Location
- 1875 Park Boulevard Camden, Camden County, New Jersey 08104 United States
- 39°56′02″N 75°05′50″W﻿ / ﻿39.933815°N 75.09735°W

Information
- Type: Public high school
- Motto: Educating Camden's Students One at a Time
- Established: 2005
- School district: Camden City School District
- NCES School ID: 340264000579
- Principal: Timothy L. Jenkins
- Faculty: 18.5 FTEs
- Grades: 9-12
- Enrollment: 150 (as of 2024–25)
- Student to teacher ratio: 8.1:1
- Team name: Trailblazers
- Website: camdencityschools.org/bpla/

= Camden Big Picture Learning Academy =

High school in Camden County, New Jersey, US

Camden Big Picture Learning Academy (formerly MetEast High School) is a four-year public high school in the City of Camden, in Camden County, in the U.S. state of New Jersey, serving students in ninth through twelfth grades as part of the Camden City School District. The school opened in 2005 in conjunction with Big Picture Learning as an effort to prepare students for success in college through greater community involvement and mentoring.

As of the 2024–25 school year, the school had an enrollment of 150 students and 18.5 classroom teachers (on an FTE basis), for a student–teacher ratio of 8.1:1. There were 74 students (49.3% of enrollment) eligible for free lunch and none eligible for reduced-cost lunch.

==History==
Starting in the 2021–22 school year, the high school moved into a new $133 million building on Park Boulevard that it shares with Brimm Medical Arts High School and Creative Arts Academy.

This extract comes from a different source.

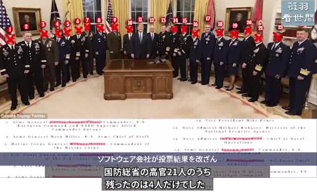 | 3444 Date: 2020-11-16 (Mon) トランプさんが退治すべき沢山の沼地の鰐達 張陽氏が大統領選挙に関するアメリカのすごい闇を報告してくれています。 トランプ大統領はFBIもCIAも信用できず、軍を使ってドイツにあるサーバーを「奇襲」して確保したそうです。もちろん事前にドイツ政府と交渉したそうです。 その内容をもとに、正しい選挙結果を計算すると、トランプさんが410票を獲得する大勝・圧勝であると報告しています。動画から作った、スナップショットを紹介します。カリフォルニア、アリゾナ、ミシガン、ペンシルベニアなどみんな赤色に染まっています。 ![]() スナップショット ![]() スナップショット どうやら、激震が起きているようです。 ----------------------------------------- 米国土安全保障省 (DHS) のサイバーセキュリティ・インフラセキュリティ庁(CISA)の消息筋によると、 13日、連邦下院議員ルイ・ゴーマート氏は米陸軍が今週、ドイツのフランクフルト市で米選挙データを持っているScytl社を突然捜査し、同社が持っているドミニオンサーバを押収したことを明かした。 このほかいくつかの州で大規模な不正が暴露された後、米国土安全保障省(DHS)に属するCISAは12日、公式ウェブサイトで声明を発表し、 理由は選挙期間中に誤解を招くような偽情報を排除するためのようだ。 ------------------------------- 民主党とディープステイトたちが仕組んだクーデターを「罠を張って」待ち受けていたと[3436]紹介したピーツェニクが述べています。トランプ側がやっているのは「逆クーデター」ということです。 クーデター一味がフランクフルトから操作していたサーバーが確保されたのですから、物的証拠は十分にあるわけで、もう逃げ隠れできないでしょう。逆クーデターが成功したことになります。 シドニー・パウエルは「彼らを追いまわして、一人逃さず暴く」と言っていますから、中共の内部にまで追及の手が回るでしょう。 |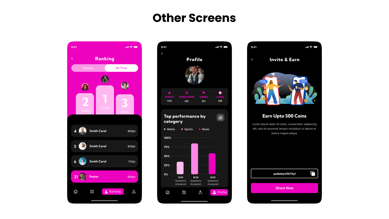 - Leaderboard: Engage users with a real-time leaderboard that tracks top scorers and achievements.

==Awards, recognition and rankings==
The school was the 285th-ranked public high school in New Jersey out of 328 schools statewide in New Jersey Monthly magazine's September 2012 cover story on the state's "Top Public High Schools", after being ranked 211th in 2010 out of 322 schools listed.

==Administration==
The school's principal is Timothy L. Jenkins.

==Notable alumni==
- Brad Hawkins (born 1998), American football safety, who played for the New England Patriots of the National Football League.